_Instructions to follow_.
Restate the listing that follows word for word, without its pictures.

_Exercise data_.

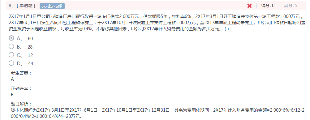 闲置收益不应该是1000*0.4%*7=28,因为从3月份支付了1000万以后,一直到10月才支付的另外1000万,不是应该按7个月算么?为什么资本化的期间3月到6月就不算闲置收益了呢?
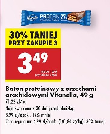 Cena produktu r贸偶ni si臋 w zale偶no艣ci od wybranego sklepu. Niestety nie posiadamy danych o aktualnych promocjach, jednak w艣r贸d archiwalnych ofert Baton proteinowy Vitanella kosztuje od 3,33 z艂 do 3,99 z艂.
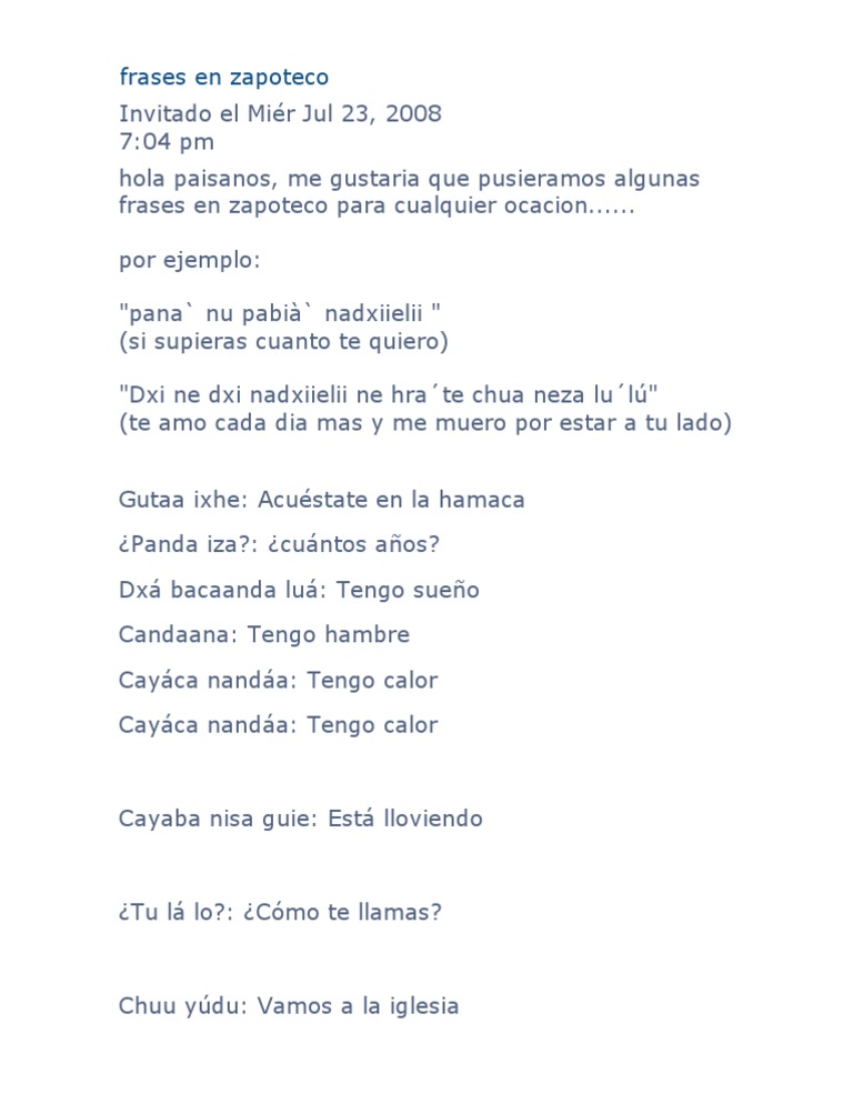 85 Palabras En Zapoteco Traducidas Al Espanol

_Reply_.
 闲置收益不应该是1000*0.4%*7=28,因为从3月份支付了1000万以后,一直到10月才支付的另外1000万,不是应该按7个月算么?为什么资本化的期间3月到6月就不算闲置收益了呢?
 Cena produktu r贸偶ni si臋 w zale偶no艣ci od wybranego sklepu. Niestety nie posiadamy danych o aktualnych promocjach, jednak w艣r贸d archiwalnych ofert Baton proteinowy Vitanella kosztuje od 3,33 z艂 do 3,99 z艂.
 85 Palabras En Zapoteco Traducidas Al Espanol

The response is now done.